• _Exercise description_
Copy the records that follow exactly as written, but not their pictures.

Data listing Block Start

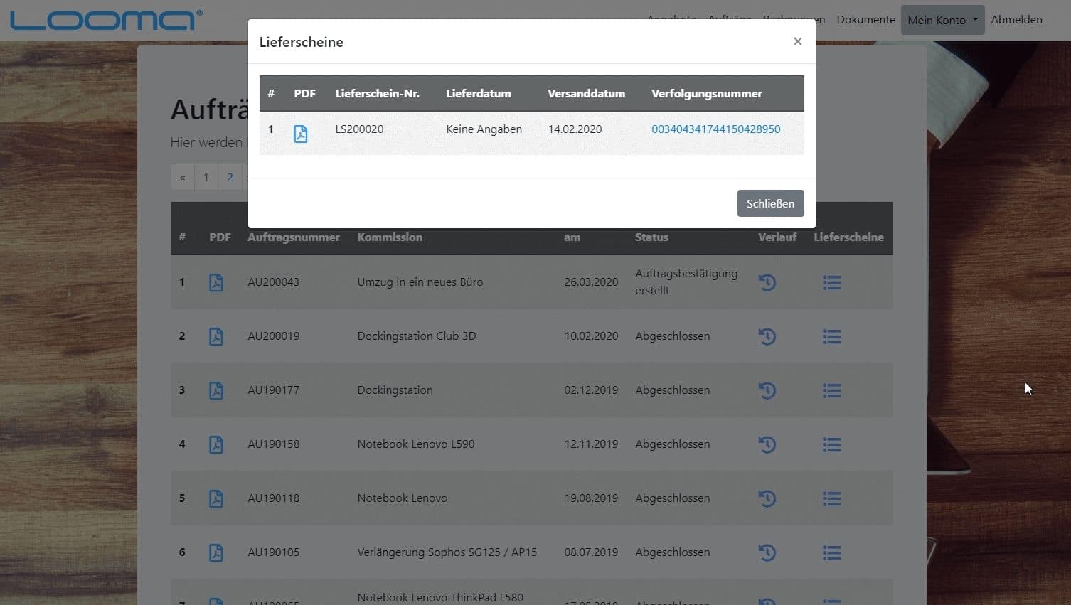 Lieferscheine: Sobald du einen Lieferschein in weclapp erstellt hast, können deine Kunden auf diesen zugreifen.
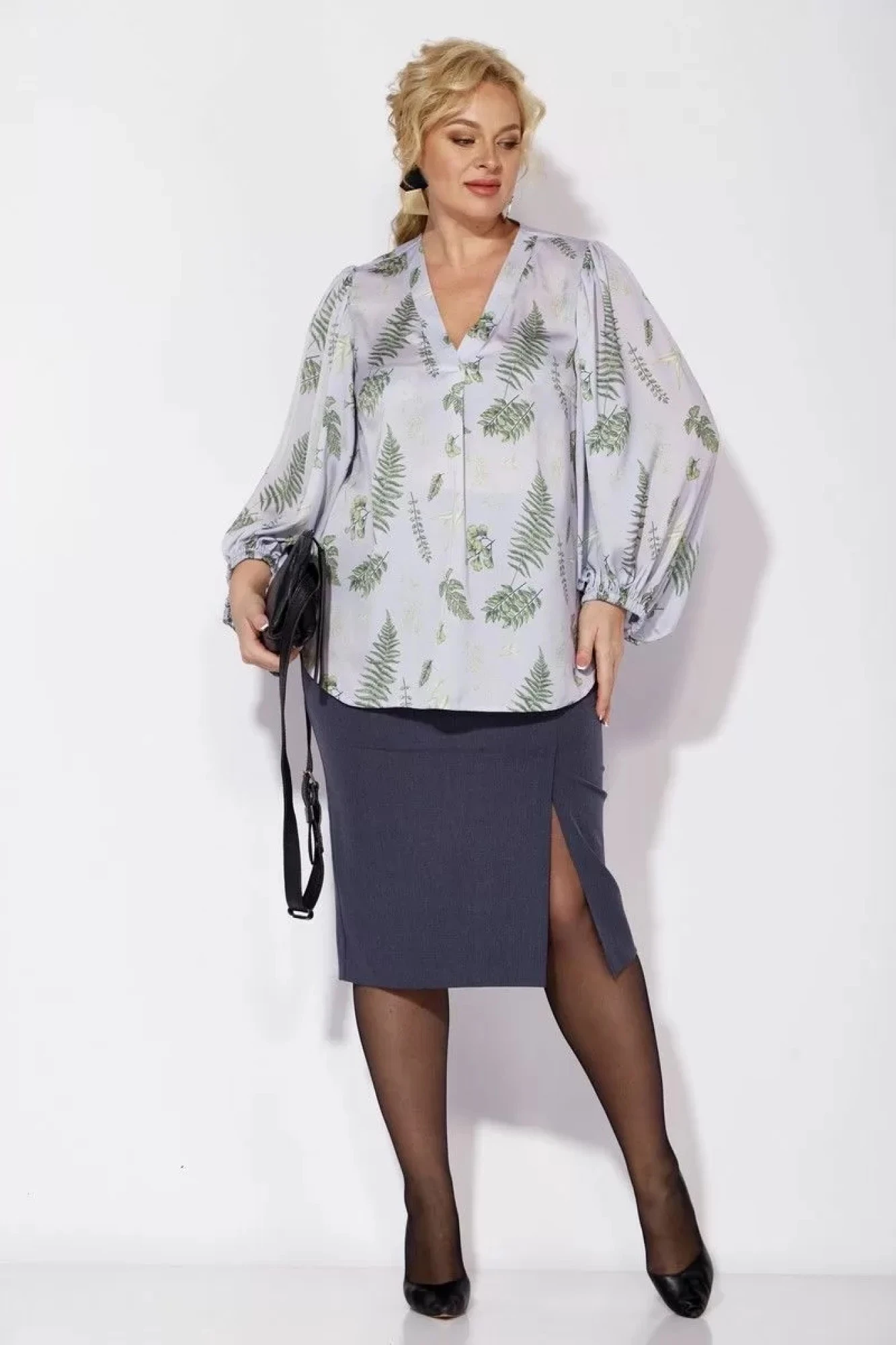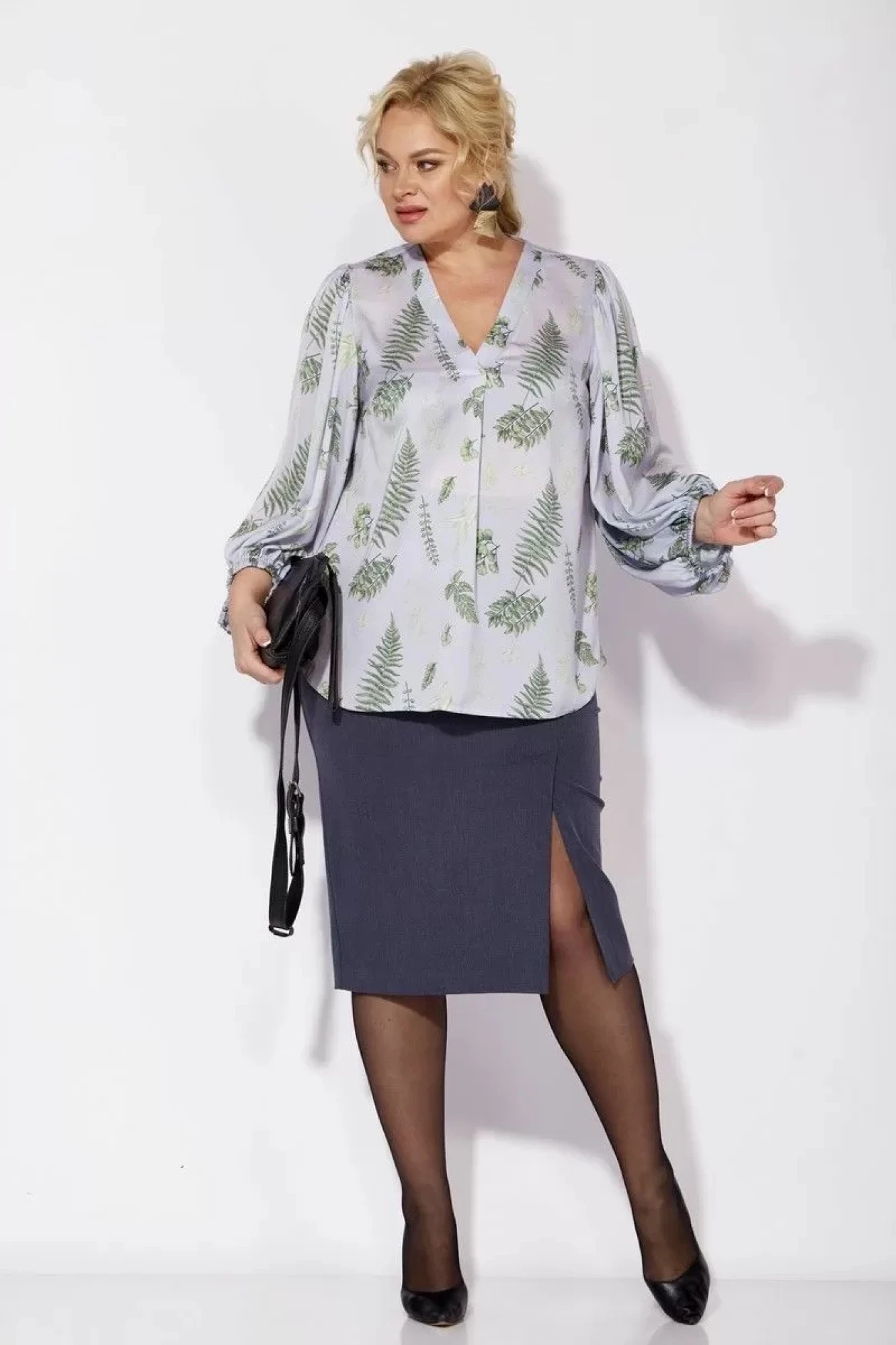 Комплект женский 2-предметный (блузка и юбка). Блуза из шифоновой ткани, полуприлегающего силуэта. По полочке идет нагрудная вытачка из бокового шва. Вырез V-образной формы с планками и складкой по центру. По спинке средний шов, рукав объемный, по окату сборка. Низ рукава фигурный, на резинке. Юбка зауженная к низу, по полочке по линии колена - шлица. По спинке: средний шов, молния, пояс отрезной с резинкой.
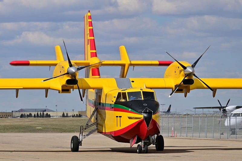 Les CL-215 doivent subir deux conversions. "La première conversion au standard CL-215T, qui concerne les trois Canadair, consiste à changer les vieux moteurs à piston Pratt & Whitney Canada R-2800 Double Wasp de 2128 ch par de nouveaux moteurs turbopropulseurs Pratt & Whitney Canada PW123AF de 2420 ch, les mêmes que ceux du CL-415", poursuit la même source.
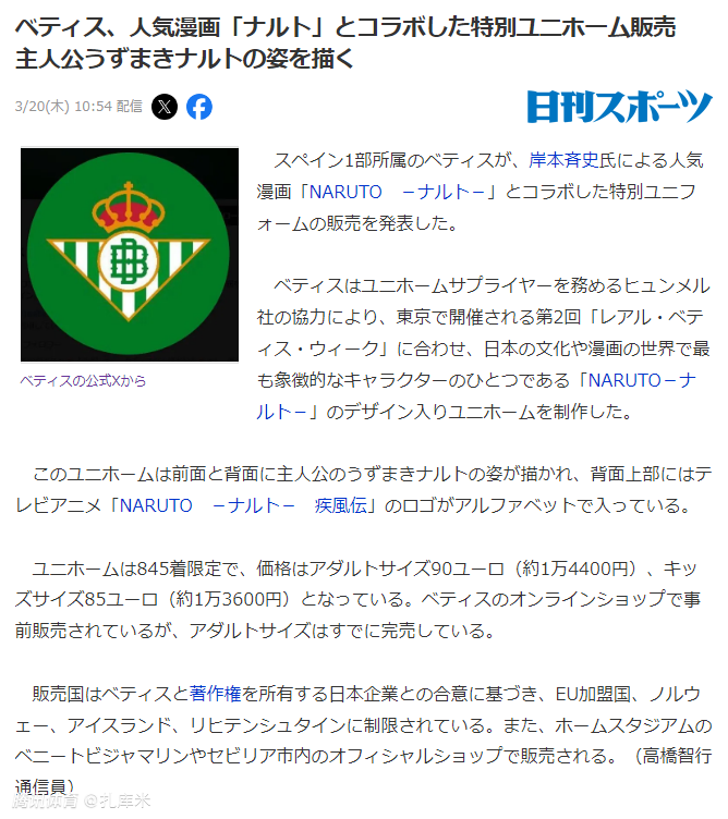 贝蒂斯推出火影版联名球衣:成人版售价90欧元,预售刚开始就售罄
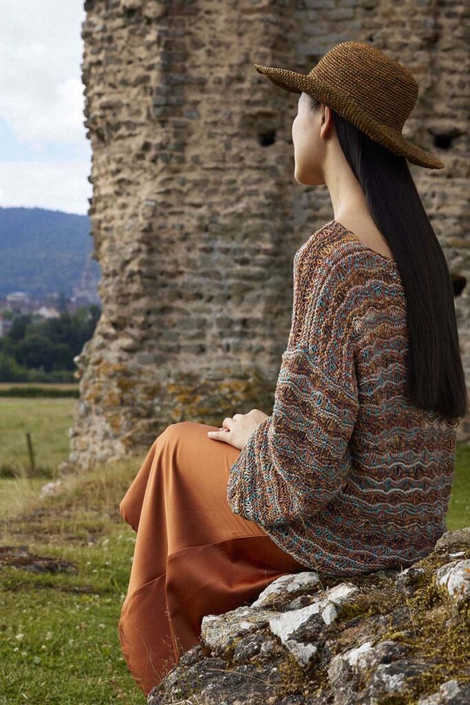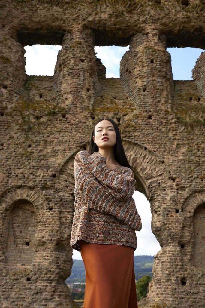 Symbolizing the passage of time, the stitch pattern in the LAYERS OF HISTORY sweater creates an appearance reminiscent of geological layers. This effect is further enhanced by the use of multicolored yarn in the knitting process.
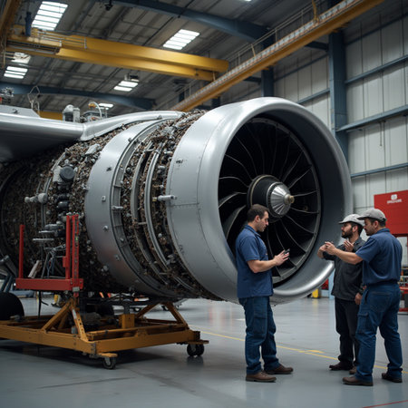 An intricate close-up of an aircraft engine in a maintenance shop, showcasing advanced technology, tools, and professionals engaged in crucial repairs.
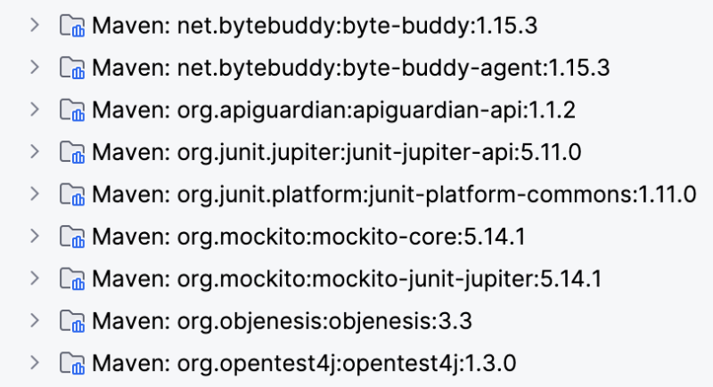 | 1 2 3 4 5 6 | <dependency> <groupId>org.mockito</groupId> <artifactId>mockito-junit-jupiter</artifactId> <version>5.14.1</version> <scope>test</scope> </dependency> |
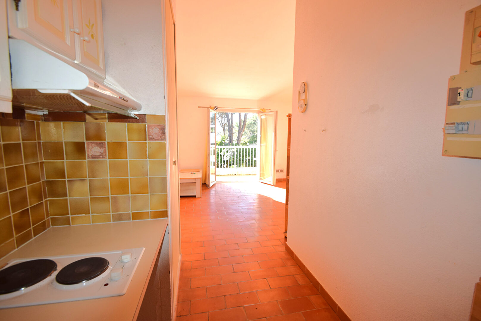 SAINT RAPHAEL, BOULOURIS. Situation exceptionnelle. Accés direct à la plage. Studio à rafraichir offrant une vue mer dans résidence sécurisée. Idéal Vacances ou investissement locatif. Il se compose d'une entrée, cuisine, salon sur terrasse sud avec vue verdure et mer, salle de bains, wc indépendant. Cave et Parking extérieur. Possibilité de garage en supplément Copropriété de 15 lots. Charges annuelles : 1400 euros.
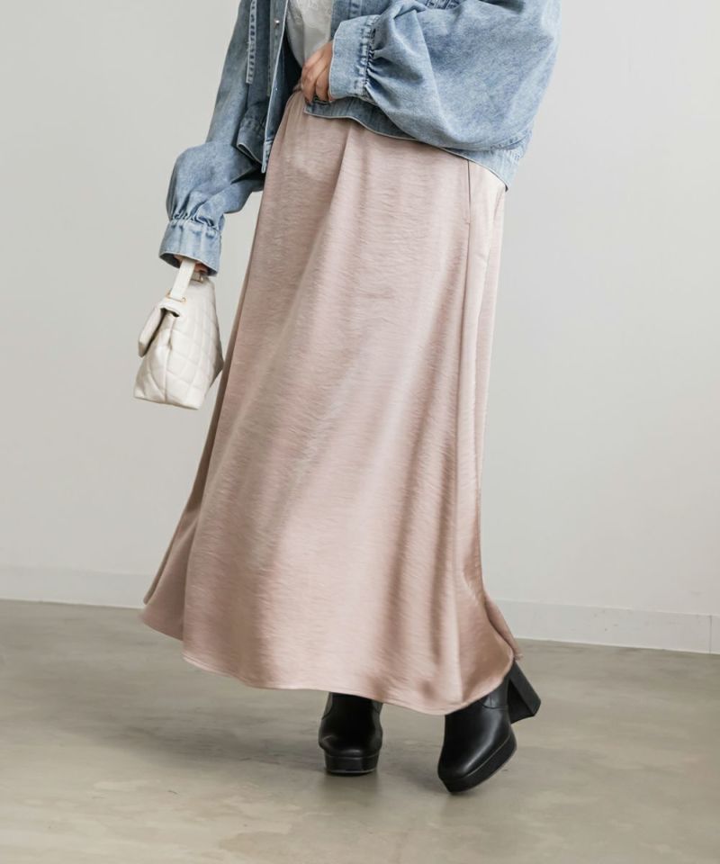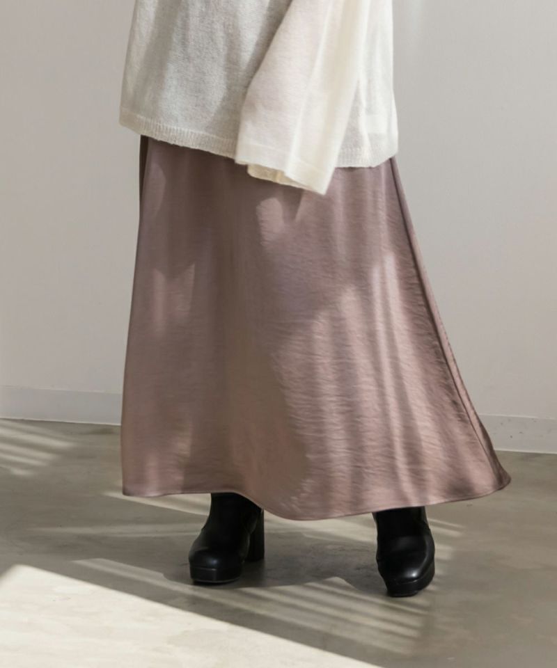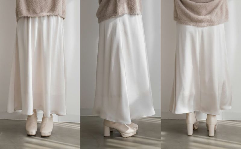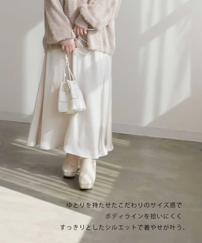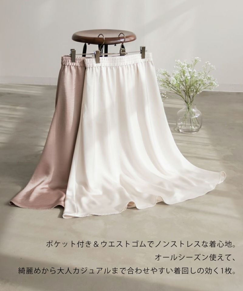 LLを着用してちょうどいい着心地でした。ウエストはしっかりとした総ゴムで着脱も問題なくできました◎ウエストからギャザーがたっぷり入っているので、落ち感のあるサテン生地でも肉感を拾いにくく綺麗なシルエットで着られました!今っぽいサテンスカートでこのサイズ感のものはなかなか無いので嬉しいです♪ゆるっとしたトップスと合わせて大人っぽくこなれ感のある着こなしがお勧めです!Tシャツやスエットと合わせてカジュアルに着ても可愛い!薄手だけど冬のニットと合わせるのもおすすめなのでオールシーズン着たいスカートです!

Data listing Block End

• _Solution to this problem_
 Lieferscheine: Sobald du einen Lieferschein in weclapp erstellt hast, können deine Kunden auf diesen zugreifen.
 Комплект женский 2-предметный (блузка и юбка). Блуза из шифоновой ткани, полуприлегающего силуэта. По полочке идет нагрудная вытачка из бокового шва. Вырез V-образной формы с планками и складкой по центру. По спинке средний шов, рукав объемный, по окату сборка. Низ рукава фигурный, на резинке. Юбка зауженная к низу, по полочке по линии колена - шлица. По спинке: средний шов, молния, пояс отрезной с резинкой.
 Les CL-215 doivent subir deux conversions. "La première conversion au standard CL-215T, qui concerne les trois Canadair, consiste à changer les vieux moteurs à piston Pratt & Whitney Canada R-2800 Double Wasp de 2128 ch par de nouveaux moteurs turbopropulseurs Pratt & Whitney Canada PW123AF de 2420 ch, les mêmes que ceux du CL-415", poursuit la même source.
 贝蒂斯推出火影版联名球衣:成人版售价90欧元,预售刚开始就售罄
 Symbolizing the passage of time, the stitch pattern in the LAYERS OF HISTORY sweater creates an appearance reminiscent of geological layers. This effect is further enhanced by the use of multicolored yarn in the knitting process.
 An intricate close-up of an aircraft engine in a maintenance shop, showcasing advanced technology, tools, and professionals engaged in crucial repairs.
 | 1 2 3 4 5 6 | <dependency> <groupId>org.mockito</groupId> <artifactId>mockito-junit-jupiter</artifactId> <version>5.14.1</version> <scope>test</scope> </dependency> |
 SAINT RAPHAEL, BOULOURIS. Situation exceptionnelle. Accés direct à la plage. Studio à rafraichir offrant une vue mer dans résidence sécurisée. Idéal Vacances ou investissement locatif. Il se compose d'une entrée, cuisine, salon sur terrasse sud avec vue verdure et mer, salle de bains, wc indépendant. Cave et Parking extérieur. Possibilité de garage en supplément Copropriété de 15 lots. Charges annuelles : 1400 euros.
 LLを着用してちょうどいい着心地でした。ウエストはしっかりとした総ゴムで着脱も問題なくできました◎ウエストからギャザーがたっぷり入っているので、落ち感のあるサテン生地でも肉感を拾いにくく綺麗なシルエットで着られました!今っぽいサテンスカートでこのサイズ感のものはなかなか無いので嬉しいです♪ゆるっとしたトップスと合わせて大人っぽくこなれ感のある着こなしがお勧めです!Tシャツやスエットと合わせてカジュアルに着ても可愛い!薄手だけど冬のニットと合わせるのもおすすめなのでオールシーズン着たいスカートです!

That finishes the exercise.